Function for prediction at new locations for latent factor multi-species occupancy models
predict.lfMsPGOcc.RdThe function predict collects posterior predictive samples for a set of new locations given an object of class `lfMsPGOcc`. Prediction is possible for both the latent occupancy state as well as detection.
Usage
# S3 method for lfMsPGOcc
predict(object, X.0, coords.0,
ignore.RE = FALSE, type = 'occupancy', ...)Arguments
- object
an object of class lfMsPGOcc
- X.0
the design matrix of covariates at the prediction locations. This should include a column of 1s for the intercept if an intercept is included in the model. If random effects are included in the occupancy (or detection if
type = 'detection') portion of the model, the levels of the random effects at the new locations should be included as a column in the design matrix. The ordering of the levels should match the ordering used to fit the data inlfMsPGOcc. Columns should correspond to the order of how covariates were specified in the corresponding formula argument oflfMsPGOcc. Column names of the random effects must match the name of the random effects, if specified in the corresponding formula argument oflfMsPGOcc.- coords.0
the spatial coordinates corresponding to
X.0. Note thatspOccupancyassumes coordinates are specified in a projected coordinate system.- ignore.RE
a logical value indicating whether to include unstructured random effects for prediction. If TRUE, random effects will be ignored and prediction will only use the fixed effects. If FALSE, random effects will be included in the prediction for both observed and unobserved levels of the random effect.
- ...
currently no additional arguments
- type
a quoted keyword indicating what type of prediction to produce. Valid keywords are 'occupancy' to predict latent occupancy probability and latent occupancy values (this is the default), or 'detection' to predict detection probability given new values of detection covariates.
Note
When ignore.RE = FALSE, both sampled levels and non-sampled levels of random effects are supported for prediction. For sampled levels, the posterior distribution for the random intercept corresponding to that level of the random effect will be used in the prediction. For non-sampled levels, random values are drawn from a normal distribution using the posterior samples of the random effect variance, which results in fully propagated uncertainty in predictions with models that incorporate random effects.
Author
Jeffrey W. Doser doserjef@msu.edu,
Andrew O. Finley finleya@msu.edu
Value
A list object of class predict.lfMsPGOcc. When type = 'occupancy', the list consists of:
- psi.0.samples
a three-dimensional array of posterior predictive samples for the latent occurrence probability values.
- z.0.samples
a three-dimensional array of posterior predictive samples for the latent occurrence values.
- w.0.samples
a three-dimensional array of posterior predictive samples for the latent factors.

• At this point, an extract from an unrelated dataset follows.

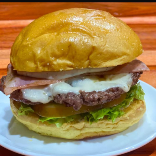 Pão brioches tostado, Carne bovina 100g amassada na chapa, queijo mussarela, Presunto suíno, Alface e Tomate como molho smoked
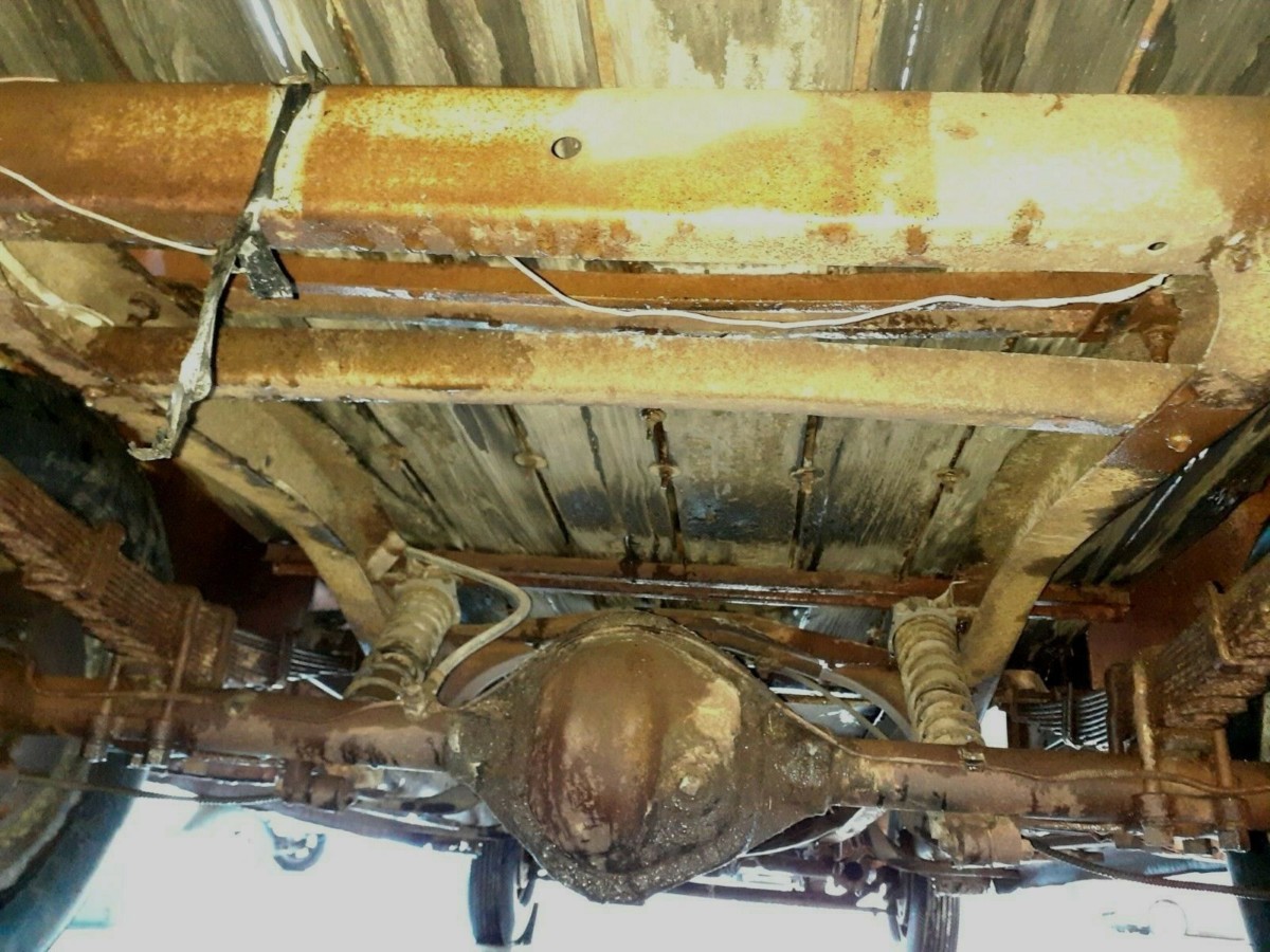 Underneath, it looks like the truck only has surface rust. No, those coil-overs are not stock, although many aftermarket suppliers offered them to boost the load-carrying capacity.

When type = 'detection', the list consists of:
- p.0.samples
a three-dimensional array of posterior predictive samples for the detection probability values.
The return object will include additional objects used for standard extractor functions.
Examples
set.seed(400)
J.x <- 8
J.y <- 8
J <- J.x * J.y
n.rep<- sample(2:4, size = J, replace = TRUE)
N <- 6
# Community-level covariate effects
# Occurrence
beta.mean <- c(0.2, 0.5)
p.occ <- length(beta.mean)
tau.sq.beta <- c(0.6, 0.3)
# Detection
alpha.mean <- c(0.5, 0.2, -0.1)
tau.sq.alpha <- c(0.2, 0.3, 1)
p.det <- length(alpha.mean)
# Draw species-level effects from community means.
beta <- matrix(NA, nrow = N, ncol = p.occ)
alpha <- matrix(NA, nrow = N, ncol = p.det)
for (i in 1:p.occ) {
beta[, i] <- rnorm(N, beta.mean[i], sqrt(tau.sq.beta[i]))
}
for (i in 1:p.det) {
alpha[, i] <- rnorm(N, alpha.mean[i], sqrt(tau.sq.alpha[i]))
}
n.factors <- 3
dat <- simMsOcc(J.x = J.x, J.y = J.y, n.rep = n.rep, N = N, beta = beta, alpha = alpha,
sp = FALSE, factor.model = TRUE, n.factors = n.factors)
n.samples <- 5000
# Split into fitting and prediction data set
pred.indx <- sample(1:J, round(J * .25), replace = FALSE)
y <- dat$y[, -pred.indx, ]
# Occupancy covariates
X <- dat$X[-pred.indx, ]
# Spatial coordinates
coords <- dat$coords[-pred.indx, ]
# Detection covariates
X.p <- dat$X.p[-pred.indx, , ]
# Prediction values
X.0 <- dat$X[pred.indx, ]
psi.0 <- dat$psi[, pred.indx]
coords.0 <- dat$coords[pred.indx, ]
# Package all data into a list
occ.covs <- X[, 2, drop = FALSE]
colnames(occ.covs) <- c('occ.cov')
det.covs <- list(det.cov.1 = X.p[, , 2],
det.cov.2 = X.p[, , 3])
data.list <- list(y = y,
occ.covs = occ.covs,
det.covs = det.covs,
coords = coords)
# Occupancy initial values
prior.list <- list(beta.comm.normal = list(mean = 0, var = 2.72),
alpha.comm.normal = list(mean = 0, var = 2.72),
tau.sq.beta.ig = list(a = 0.1, b = 0.1),
tau.sq.alpha.ig = list(a = 0.1, b = 0.1))
# Initial values
lambda.inits <- matrix(0, N, n.factors)
diag(lambda.inits) <- 1
lambda.inits[lower.tri(lambda.inits)] <- rnorm(sum(lower.tri(lambda.inits)))
inits.list <- list(alpha.comm = 0,
beta.comm = 0,
beta = 0,
alpha = 0,
tau.sq.beta = 1,
tau.sq.alpha = 1,
lambda = lambda.inits,
z = apply(y, c(1, 2), max, na.rm = TRUE))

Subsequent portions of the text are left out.